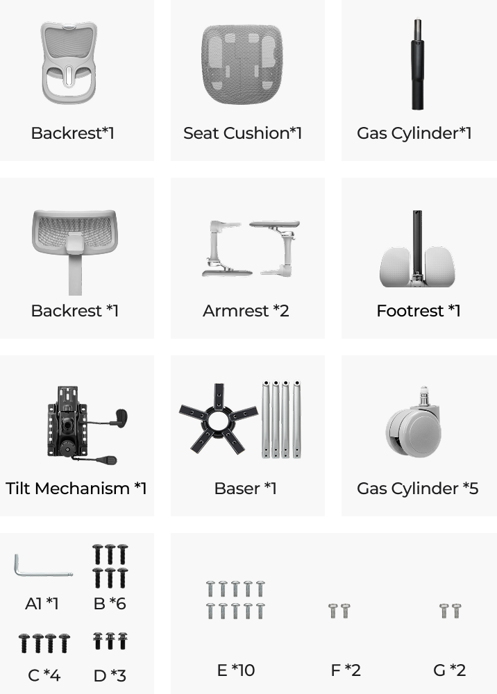 - Material PVC Caster; Steel Five-Star Base; PP+GF Back Shell
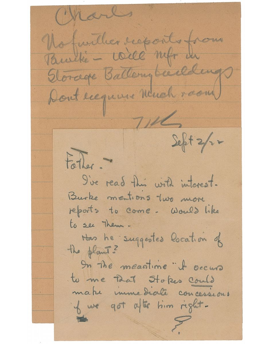 ANS, one page, lightly-lined, 5 x 7.5, circa September 1922. Brief note in response to his son. In full: “No further reports from Burke—will mfr in Storage Battery buildings. Don’t require much room.” His son’s initial letter, dated September 2, 1922, is stapled below, in part: “Burke mentions two more reports to come. Would like to see them. Has he suggested location of the plant?” Overall toning, otherwise fine condition. Accompanied by a seemingly unrelated sketch of a table leg, possibly in Edison’s hand. The “Burke” referenced may be James Burke, a member of the ‘Edison Pioneers,’ an organization composed of his oldest associates and employees.
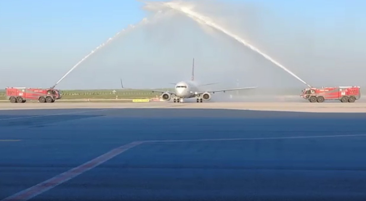 Uçak su tankıyla karşılandı
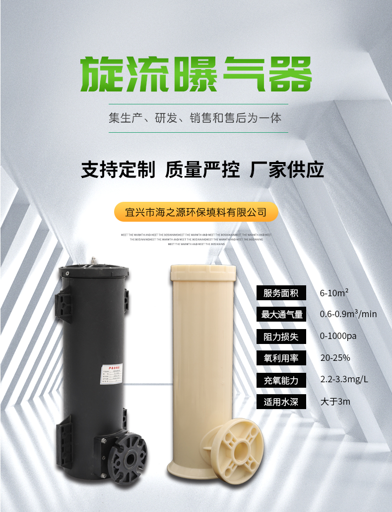 旋流曝氣器主要由外筒、進氣管、回流板、楔形結構四部分組成,可提升旋流曝氣器溶氧效率高,壓力損失小,攪拌能力強,不堵塞,池底不積泥,,免維護,間歇運行,使用壽命長;與傳統的螺旋曝氣器、發散式曝氣器、穿孔管曝氣器相比,可升降旋流曝氣器的能耗可降低25%以上。
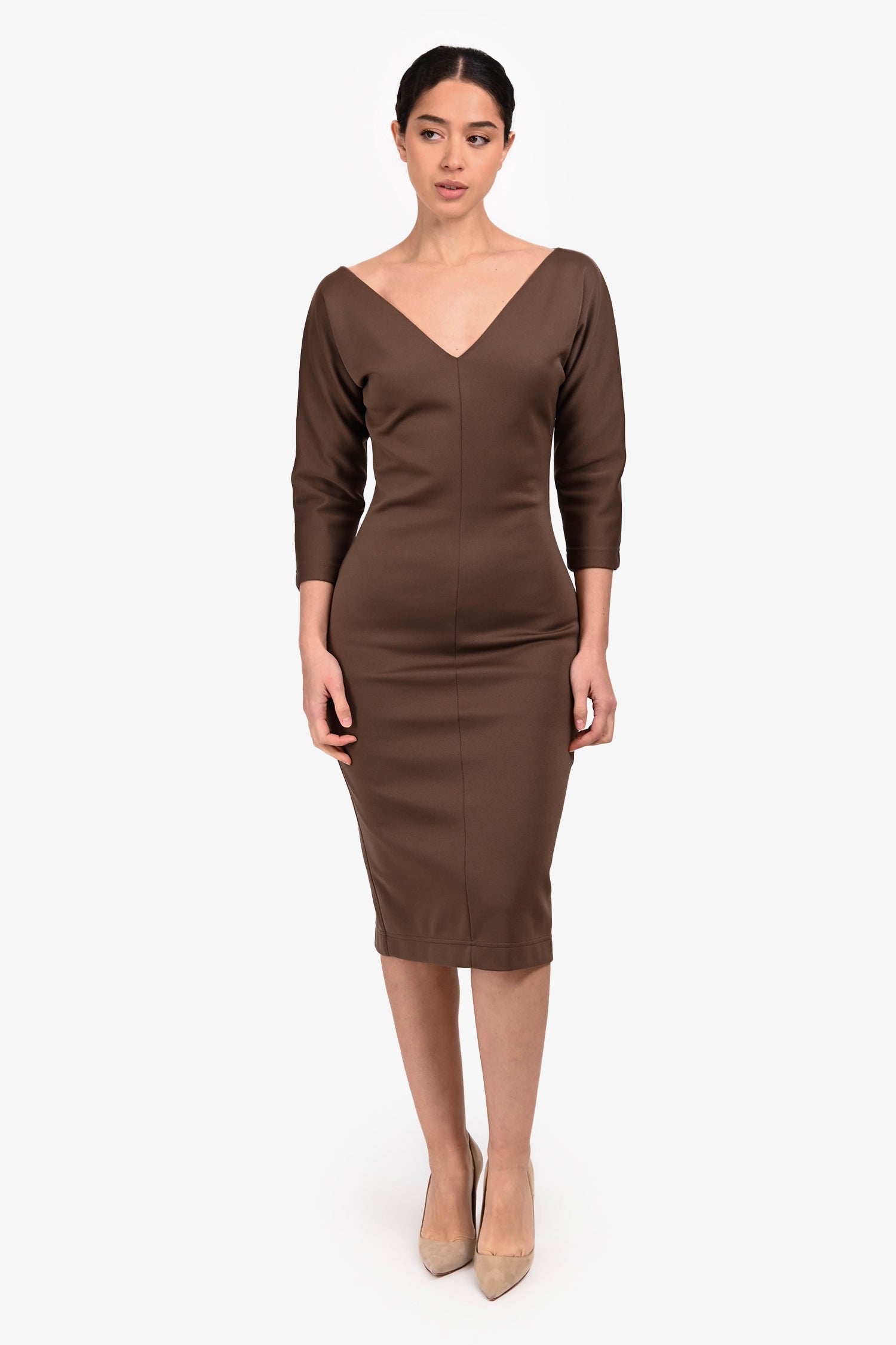 Refresh availabilityFendi Brown 3/4 Sleeve V-Neck Midi Dress. Round neckline. Zipper and hook-and-eye closure in the back. V-neckline. Slit in the back. Tonal hardware. Tonal stitching.
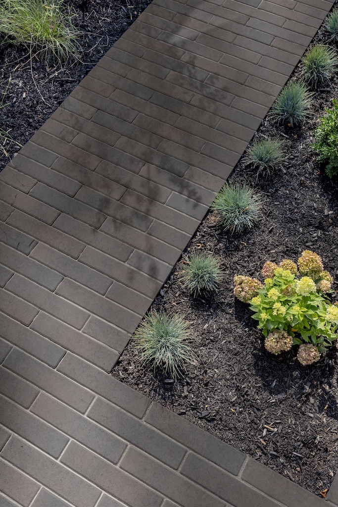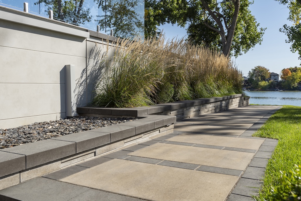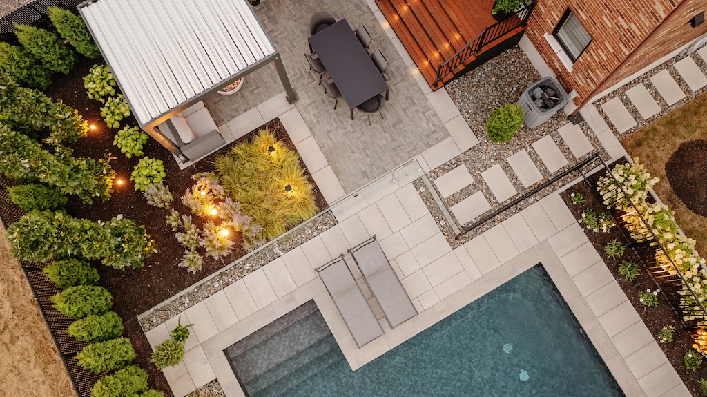 En 2026, les aménagements paysagers continuent d’évoluer vers des espaces à la fois réfléchis, fonctionnels et épurés. Une tendance forte que nous observons est l’utilisation d’une combinaison de dalles de dimensions et formes variées, créant une texture rappelant celle d’un « tapis ». Cette approche se prête particulièrement bien aux zones foyer ou aux espaces lounge, où elle organise les zones de vie, tout en apportant une composition visuelle intéressante. Par exemple, le pavé en chevron, comme dans le projet Ombre Urbaine, demeure un choix prisé pour introduire rythme, mouvement et profondeur dans un aménagement.
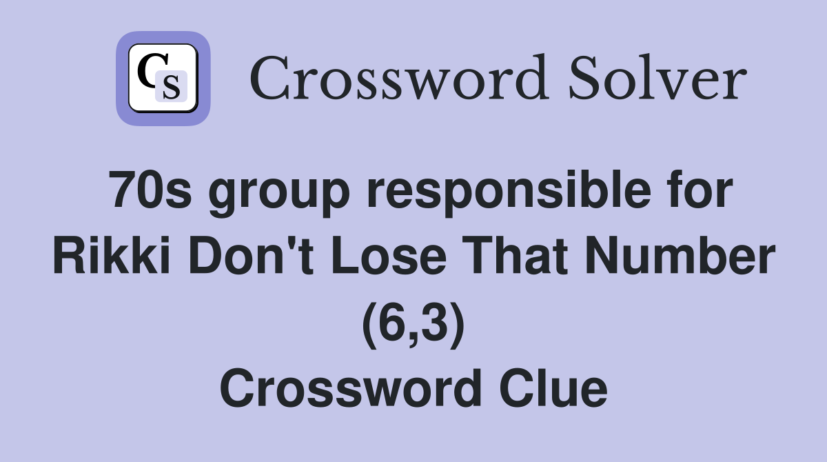 70s group responsible for Rikki Don #39 t Lose That Number (6 3
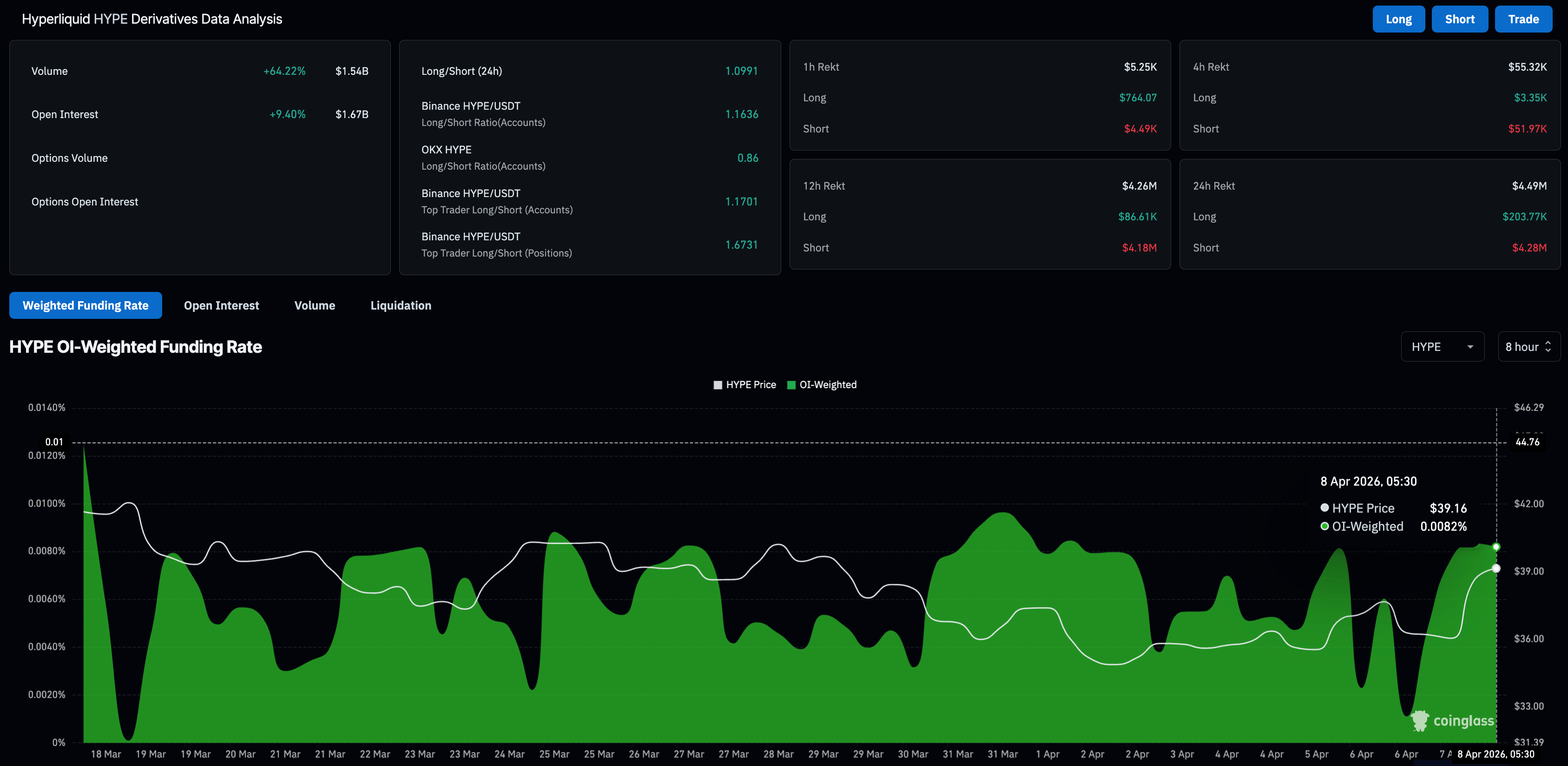 CoinGlass data shows the HYPE futures Open Interest (OI) stands at $1.67 billion on Wednesday, up over 9% in the last 24 hours. Typically, an OI expansion during a spot market recovery signals latent demand entering the leverage market.
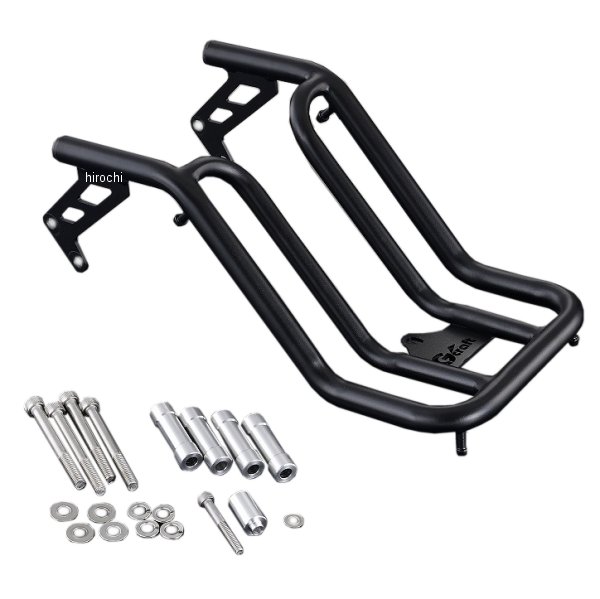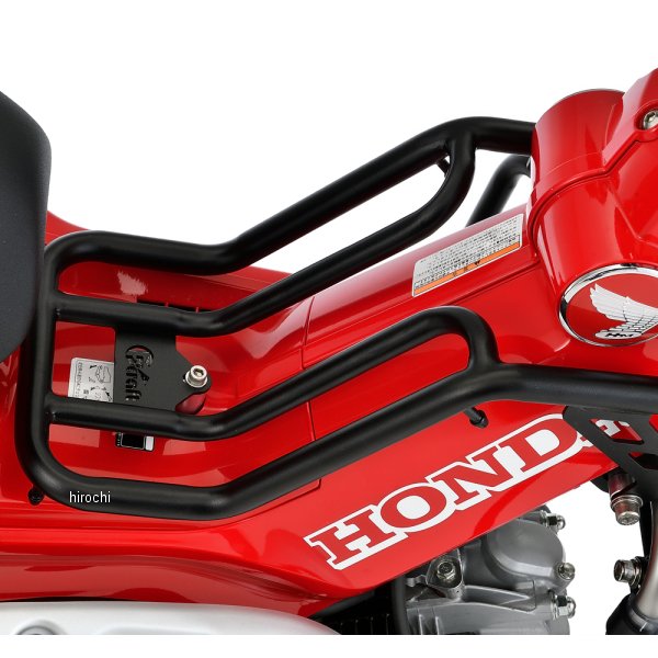 Gクラフト センターキャリア20年-25年 ホンダ ハンターカブ CT125素材:スチール表面処理:パウダーコートブラック幅:190mm最大積載量:3.0KGセンターフレーム上部に装着できるキャリアです。本体の下部にはフック(4箇所)を引っ掛けることができるピンを溶接してあります。また、カウルの傷付き防止、破損防止の役目もはたします。車体中心に荷物を積載できる為、走行の妨げになりにくいです。
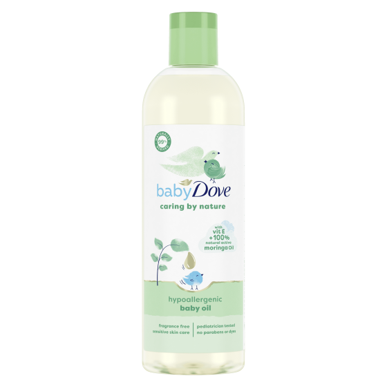 Give your babys skin a healthy foundation from the first moisturizing application Contains vitamin E and 100% natural active moringa oil Helps your babys skin retain natural moisture and protects skin from dryness Tear-free, hypoallergenic baby oil, pediatrician and dermatologist tested Fragrance free, paraben free, 99% naturally derived* and contains no sulfates, dyes, or mineral oil Vegan and Dove is PETA Approved, meaning we do not test on animals, anywhere in the world","From the very first time their little fingers graze through a blade of grass or feel the velvety soft petal of a flower, your babys obsession with nature is awakened. If they ever discovered a moringa flower, they wouldnt believe what it could produce, or how much it could make a difference to their delicate skin. Baby Dove Caring By Nature Baby Oil contains 100% natural moringa oil, made to soothe dryness and nourish your babys delicate skin. Perfectly formulated for your babys face, body and hair, this body oil also contains vitamin E. Ultra-gentle and fragrance-free, Baby Dove Caring By Nature Ultra Gentle Baby Oil is one of the most versatile skincare baby products around. Its great at sealing in moisture after washing and keeping your babys skin super-soft. It can be used as a massage oil (both for you and your baby) which is a wonderfully relaxing ritual at any time, especially post-bath time and pre-bedtime. Its perfect for soothing dry patches and helps relieve the itchiness a dry scalp can bring. Youll love how soft and nourished Baby Dove Caring By Nature Baby Oil leaves your babys skin! *Naturally derived: We consider an ingredient naturally derived if its unchanged from nature or has a natural source and undergone some processing but keeps more than 50% of its original structure. 99% of our oil formula is made up of naturally derived ingredients.","Vegetable Oil, Isopropyl Palmitate, Moringa Oleifera Seed Oil, Stearic Acid, Tocopherol",""," Lightweight baby care formula Ultra-gentle and suitable for your newborn, our baby massage oil is lightweight and is suitable to use as a baby hair oil Created with careFormulated without parabens or mineral oil, our baby oil is dermatologist tested and suitable for everyday use. Deeply nourishing and rich in skin-natural nutrients, this baby massage oil helps to reduce visible dryness for glowing skin Naturally-derived* formula99% naturally-derived* baby care formula, our baby massage oil is infused with vitamin E and moringa oil. * We consider an ingredient naturally derived if its unchanged from nature or has a natural source and undergone some processing but keeps more than 50% of its original structure. 99% of our oil formula is made up of naturally derived ingredients","For best results, use this lightweight baby massage oil after bathing your baby with Baby Dove Caring By Nature Ultra Gentle Foaming Wash. Warm the baby oil in your hands and gently massage it in while their skin is still a little damp. This baby oil is also perfect for your babys scalp and hair.","","Baby massage can really help your baby to relax and may even improve their sleep. Actually, theres something soothing about the action for both of you. Why not try using Baby Dove Caring By Nature Baby Oil with a gentle, bonding massage before bedtime?

▶ _WORK TO COMPLETE_
Leave the pictures out and please restate exactly the lines running from the start of the material through the one with "旋流曝氣器主要由外筒、進氣管".

▶ _TASK ANSWER_
 - Material PVC Caster; Steel Five-Star Base; PP+GF Back Shell
 ANS, one page, lightly-lined, 5 x 7.5, circa September 1922. Brief note in response to his son. In full: “No further reports from Burke—will mfr in Storage Battery buildings. Don’t require much room.” His son’s initial letter, dated September 2, 1922, is stapled below, in part: “Burke mentions two more reports to come. Would like to see them. Has he suggested location of the plant?” Overall toning, otherwise fine condition. Accompanied by a seemingly unrelated sketch of a table leg, possibly in Edison’s hand. The “Burke” referenced may be James Burke, a member of the ‘Edison Pioneers,’ an organization composed of his oldest associates and employees.
 Uçak su tankıyla karşılandı
 旋流曝氣器主要由外筒、進氣管、回流板、楔形結構四部分組成,可提升旋流曝氣器溶氧效率高,壓力損失小,攪拌能力強,不堵塞,池底不積泥,,免維護,間歇運行,使用壽命長;與傳統的螺旋曝氣器、發散式曝氣器、穿孔管曝氣器相比,可升降旋流曝氣器的能耗可降低25%以上。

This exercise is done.